• [The problem]
Write out again, word for word, the lines below from the line that holds "La afirmación de" through the line that holds "после установки автоматически", omitting pictures.

(Beginning of Data to process)

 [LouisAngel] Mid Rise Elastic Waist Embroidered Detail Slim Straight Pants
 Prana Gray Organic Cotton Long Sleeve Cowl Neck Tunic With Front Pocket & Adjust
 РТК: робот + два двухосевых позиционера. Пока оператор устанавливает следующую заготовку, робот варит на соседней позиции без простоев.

(End of Data to process)
(Beginning of Data to process)

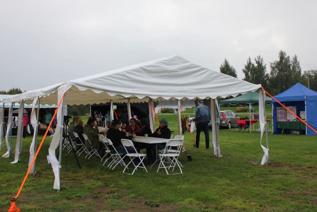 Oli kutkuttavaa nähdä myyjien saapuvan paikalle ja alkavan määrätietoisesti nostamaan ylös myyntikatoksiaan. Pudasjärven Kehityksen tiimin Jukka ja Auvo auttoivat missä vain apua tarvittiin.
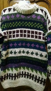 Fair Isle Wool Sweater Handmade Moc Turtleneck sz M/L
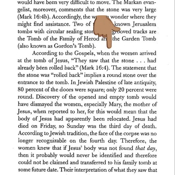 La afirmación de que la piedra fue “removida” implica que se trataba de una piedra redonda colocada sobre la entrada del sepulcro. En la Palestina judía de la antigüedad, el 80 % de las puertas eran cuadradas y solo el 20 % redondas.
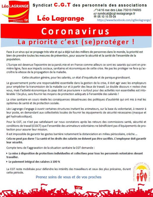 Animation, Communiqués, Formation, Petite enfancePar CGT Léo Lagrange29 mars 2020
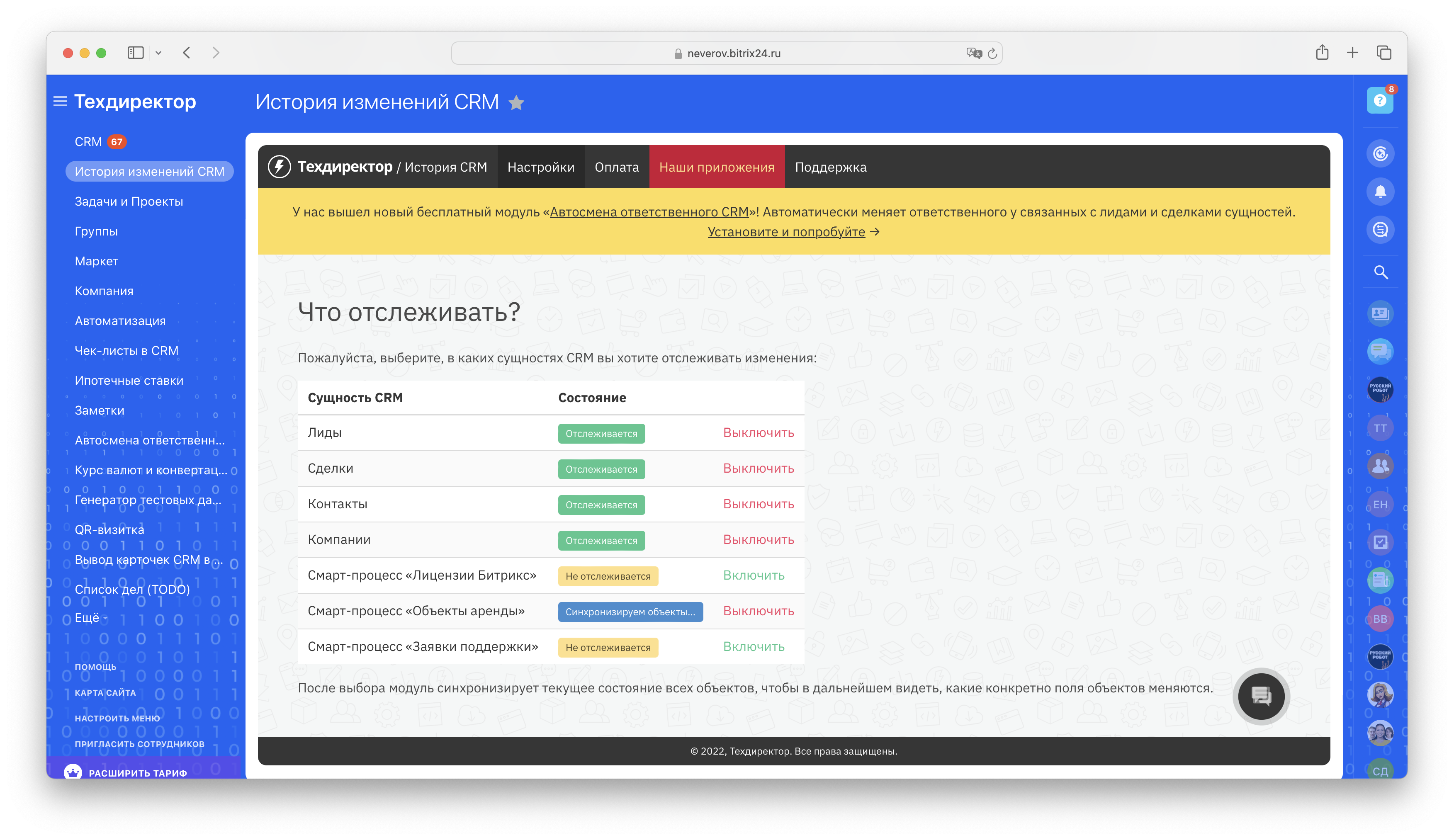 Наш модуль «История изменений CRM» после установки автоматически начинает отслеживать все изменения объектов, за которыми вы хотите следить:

(End of Data to process)

• [Response area]
 La afirmación de que la piedra fue “removida” implica que se trataba de una piedra redonda colocada sobre la entrada del sepulcro. En la Palestina judía de la antigüedad, el 80 % de las puertas eran cuadradas y solo el 20 % redondas.
 Animation, Communiqués, Formation, Petite enfancePar CGT Léo Lagrange29 mars 2020
 Наш модуль «История изменений CRM» после установки автоматически начинает отслеживать все изменения объектов, за которыми вы хотите следить:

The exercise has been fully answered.